# assesssing spouses income



## triciamonty (9 Apr 2009)

what are the income thresholds on your spouses income for you to be able to claim jobseekers allowance ?


----------



## gipimann (9 Apr 2009)

Here are the rules on means-testing spouse/partner's income from employment taken from SW website:


*Spouse’s or partner’s income from employment*

Your spouse’s or partner’s income from employment is assessed in the means test for Jobseeker’s Allowance.


To find your spouse’s or partner’s means from work you must:

Deduct €20 per day from your spouse's or partner's assessable earnings for each day worked up to a maximum of €60 (including Sunday)
Next get 60% of the balance. This is assessed as his or her weekly means from work.
Assessable weekly earnings - €20 per day (maximum 3 days) = total x 60% = weekly means from work. 
And here is how to calculate assessable earnings.

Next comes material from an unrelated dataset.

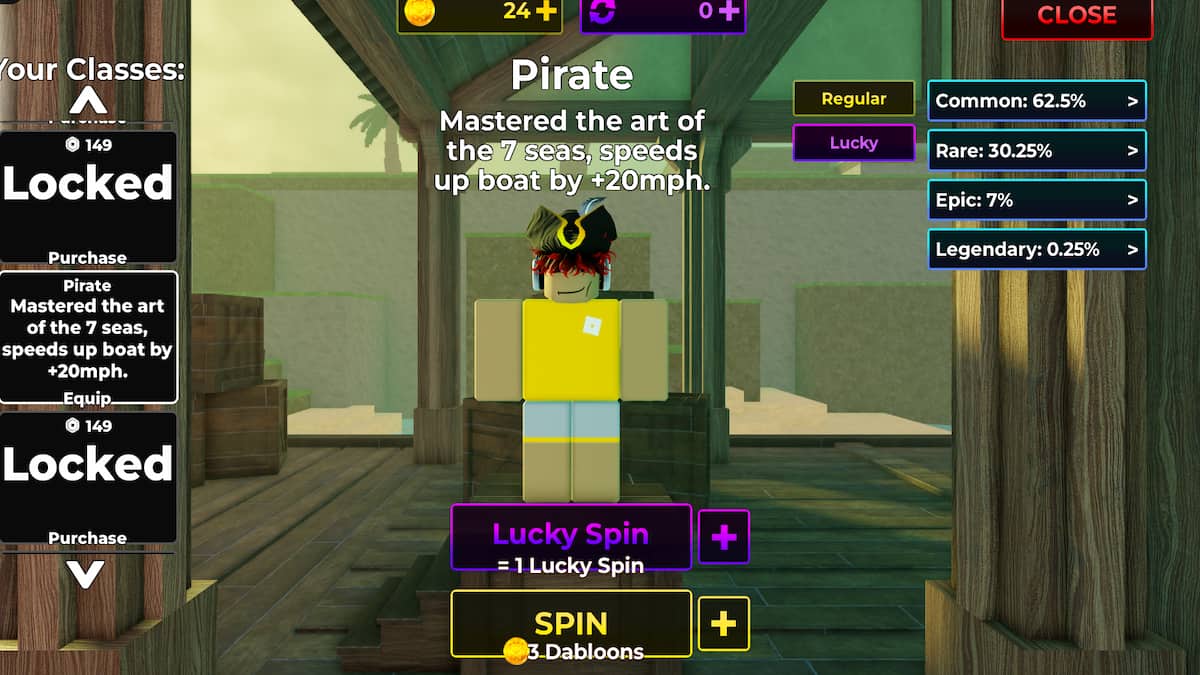Spend Your Currency: Interact with it. You'll have the option to spend either Dabloons or Lucky Spins to roll for a random class.

*Assessable earnings from work*

The following items are always deducted from your gross earnings to get your assessable earnings from work:

PRSI contributionshttp://www.askaboutmoney.com/syndic...al-insurance-prsi/social_insurance_in_ireland
Union dues
Superannuation
PRSAs (Personal Retirement Savings Accounts)
AVCs (Additional Voluntary Contributions)


----------



## triciamonty (9 Apr 2009)

do these same rules apply if wife is classed as self-employed taking home 350 p.w.  also i un registered as self employed in october 2008 to take up direct employment but this fell through,so i signed on  on the 12 -12-08............thank-you for replying


----------



## milic (9 Apr 2009)

No. Income from self employment is assessable in full without disregards.


----------



## gipimann (9 Apr 2009)

Here are the rules for assessing income from self-employment.

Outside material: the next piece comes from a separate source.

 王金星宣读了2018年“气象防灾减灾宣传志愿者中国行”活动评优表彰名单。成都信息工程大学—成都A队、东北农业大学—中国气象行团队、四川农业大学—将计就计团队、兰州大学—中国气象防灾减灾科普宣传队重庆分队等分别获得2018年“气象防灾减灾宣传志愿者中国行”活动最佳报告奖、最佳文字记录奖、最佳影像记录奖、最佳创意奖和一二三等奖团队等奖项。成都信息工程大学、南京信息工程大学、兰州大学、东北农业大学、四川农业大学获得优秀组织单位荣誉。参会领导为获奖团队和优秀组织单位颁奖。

*Spouse’s or partner’s income from self-employment*

Your spouse’s or partner’s income from self-employment is assessed in the means test for Jobseeker’s Allowance.

The assessment must reflect the earnings your spouse or partner may reasonably be expected to get from your business over the next 12 months. Income for the last 12 months will be taken as a guide but allowing for any factors which it is known will vary. Your spouse or partner should be prepared to discuss these factors when you are assessed for Jobseeker’s Allowance.

Earnings are assessed as gross income less work related expenses over 12 months. The expected annual earnings from self-employment is divided by 52 to find your spouse’s or partner’s weekly means from self-employment. 

Any ‘drawings’ taken from the business is not an allowable expense. If the ‘drawings’ from the business are greater than the level of income calculated, the ‘drawings’ are assessed as cash income.ere are the rules for spouses in self-employment.


----------



## triciamonty (10 Apr 2009)

350 p.w take home from self-employment,350 -60=290 ...290x 60% =174.would this be  the correct figure for my wifes means from work ?


----------



## noname (10 Apr 2009)

Hi,

can anyone confirm that Partners earning's are not taken into consideration when applying for Jobseekers Benefit?

also, after checking Welfare.ie I think I would also be able to qualify for a rent allowance supplement, does anyone know if this is the case? 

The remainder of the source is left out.